5. Quantity and purity of RNA
   1. Quantify the RNA concentration by measuring the absorbance of the sample at 260 nm in a spectrophotometer (see Table of Materials).
   2. Measure at 230 nm and 280 nm to determine the RNA purity.
      NOTE: The ratio at 260/280 indicates protein or phenol contamination. A ratio close to 2 is acceptable. The ratio at 260/230 indicates EDTA, carbohydrates or phenol contaminants. Values between 2.0 - 2.2 are acceptable.
6. Checking RNA integrity
   1. Run 2 µg of total RNA and an RNA ladder on a 1.5% denaturing agarose gel; visualize on a gel documentation system (see Table of Materials).

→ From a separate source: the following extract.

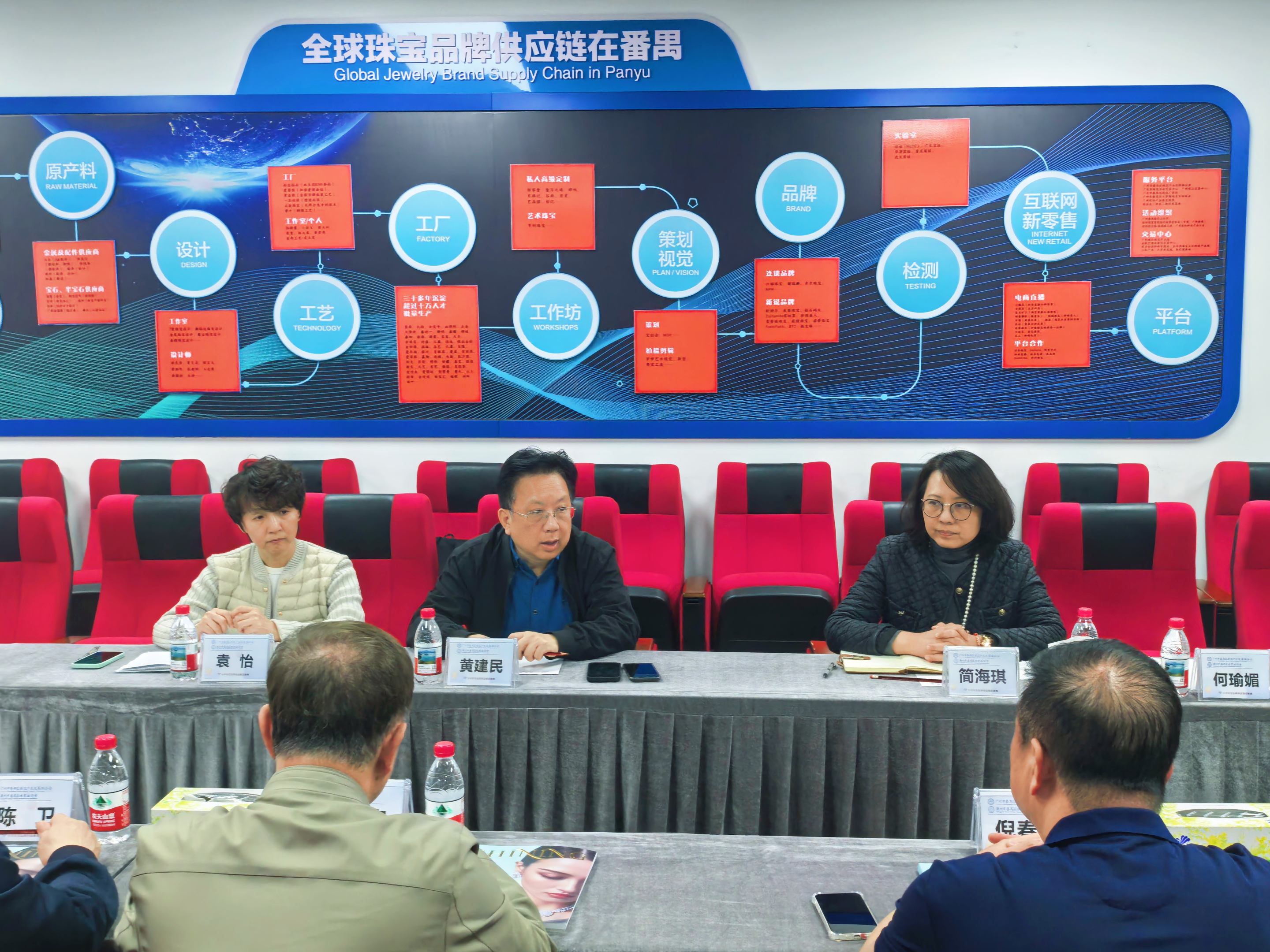 天津市黄金珠宝行业协会代表团由副会长兼秘书长李贵泉带队,成员包括副秘书长倪春光、副秘书长兼宝玉石文化分会秘书长陈卫,以及天津珠宝街有限公司总经理刘树霖、颐源珠宝经理王毅、君枫珠宝经理杨芳等企业代表。番禺区珠宝厂商会会长黄建民、秘书长简海琪及本地企业代表共同参与交流。

      NOTE: A 2:1 ratio of clear and sharp 28S and 18S rRNA bands indicates an intact RNA. Partially degraded RNA resolves as a smeared appearance.
7. RT-qPCR
   1. Synthesize the complementary DNA (cDNA) from a single stranded RNA following the standard protocol (see Table of Materials)¹¹.

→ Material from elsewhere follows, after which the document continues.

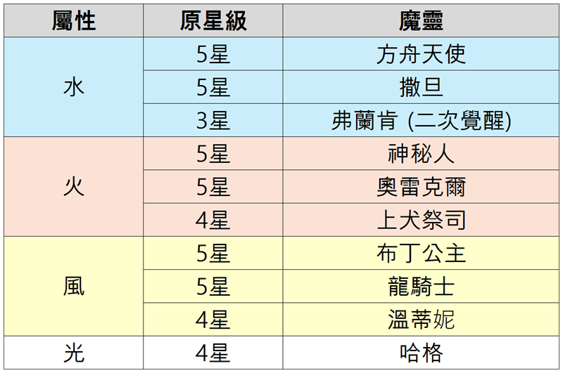 - 新增由火/水/風屬性共15種原5星魔靈組成的專屬召喚列表。

8. Evaluate gene expression by RT-qPCR
   1. Prepare the reaction mixture for each sample: Mix 2 µL cDNA, 7 µL fluorescent compound, 300 nM forward primer, and 300 nM reverse primer (Table 1) in a final volume of 13 µL, and add to the 96-Well Reaction Plate (see Table of Materials).
   2. Seal the plate with an optical adhesive cover, centrifuge (300 x g, 1 min) and run the reaction on a Real-Time PCR System (hot start 95 °C for 20 s followed by 40 cycles: 95 °C for 3 s and 60 °C for 30 s) (see Table of Materials).

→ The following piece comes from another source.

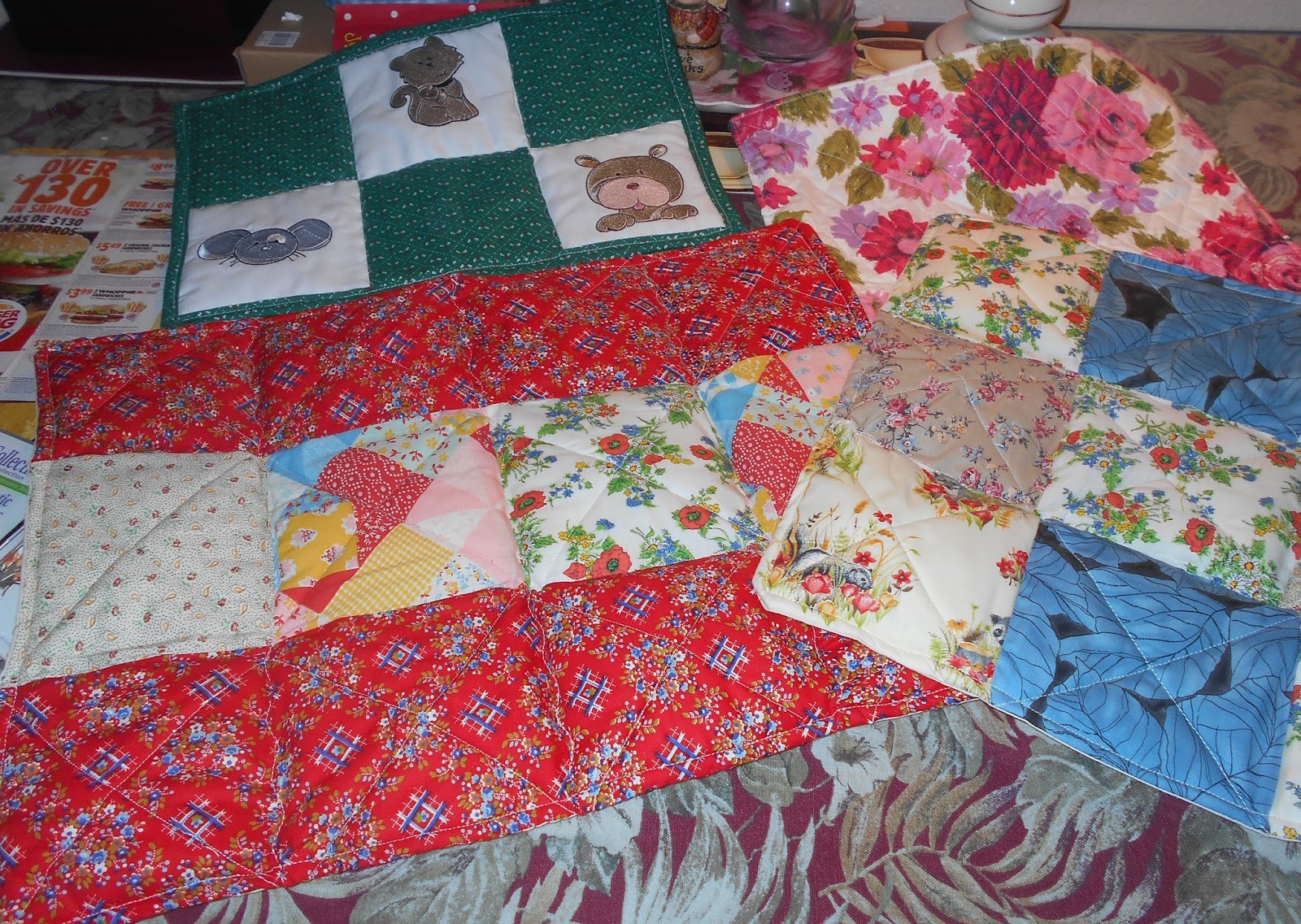 It is my heart's delight to be able to sew. It is my happy spot in life, sewing this n' that, sometimes just to sew up some pretty fabric, many times to sew something special for family or friends to make them smile, and many many times to sew up to donate. I sew a lot for Lanette Veres, http://www.graymattersfoundation.org/, and I love to sew up little quilts for the dogs and cats at the local Humane Society. I can use up scraps of fabric, and they do not care if the quilt is precise or fabric coordinated. Here are some recent quilts for those fur babies.

   3. Analyze the results by relative quantitation using the comparative method 2^-ΔΔCt with the housekeeping genes glyceraldehyde-3-phosphate dehydrogenase (GAPDH) or acidic ribosomal phosphoprotein P0 (36B4)¹².

4. Assess Endothelial Activation by Flow Cytometry

1. Treat the MLEC-04 cells following the conditions described in section 2 and evaluate the changes in the endothelial surface proteins by flow cytometry.
2. Detach the cells after 6 h of LPS stimulation with the trypsin-EDTA method described in step 1.2.3, and wash with the incomplete media at 4 °C.
3. Count the cells using the Neubauer chamber method and place 10 x 10⁴ cells into u-bottom 96-well plates. Centrifuge (300 x g, 5 min) and discard supernatant by a 180° snap of the wrist from top to the bottom and quick recovery to the original position.
4. Add 50 µL of the selected antibody diluted in the incomplete media (10 µg/mL, final concentration) to the cells and incubate (30 min, 4 °C).
5. Wash the cells twice with the incomplete media following the procedure described in step 4.3, and incubate with 50 µL at 10 µg/mL of the corresponding secondary antibody coupled to FITC or a similar conjugate (30 min, 4 °C in a dark space).
6. Wash the cells once with the incomplete media followed by a PBS wash. Recover the cells with 300 µL PBS using 1 mL pipette tips and place in cytometry tubes.
7. Evaluate the samples in the flow cytometry system (see Table of Materials). Adjust the cell population by the forward and side scattering parameters. Gate the population of interest. Adjust gates based on the negative control from cells incubated with isotype control. Analyze the results as the percentage of positive cells or mean fluorescence intensity⁸.

5. Evaluate Endothelial Activation by Western Blot

1. Seed the endothelium at sub-confluence in 6-well culture plates (7 x 10⁵ cells/well) and treat with LPS as described in section 2. Analyze the inflammatory protein expression by the following western blot protocol.
2. Stop the LPS stimulation at different time points to elucidate different aspects of the endothelial response:
   1. Ascertain the inflammatory proteins profile after 6 h of LPS stimulation.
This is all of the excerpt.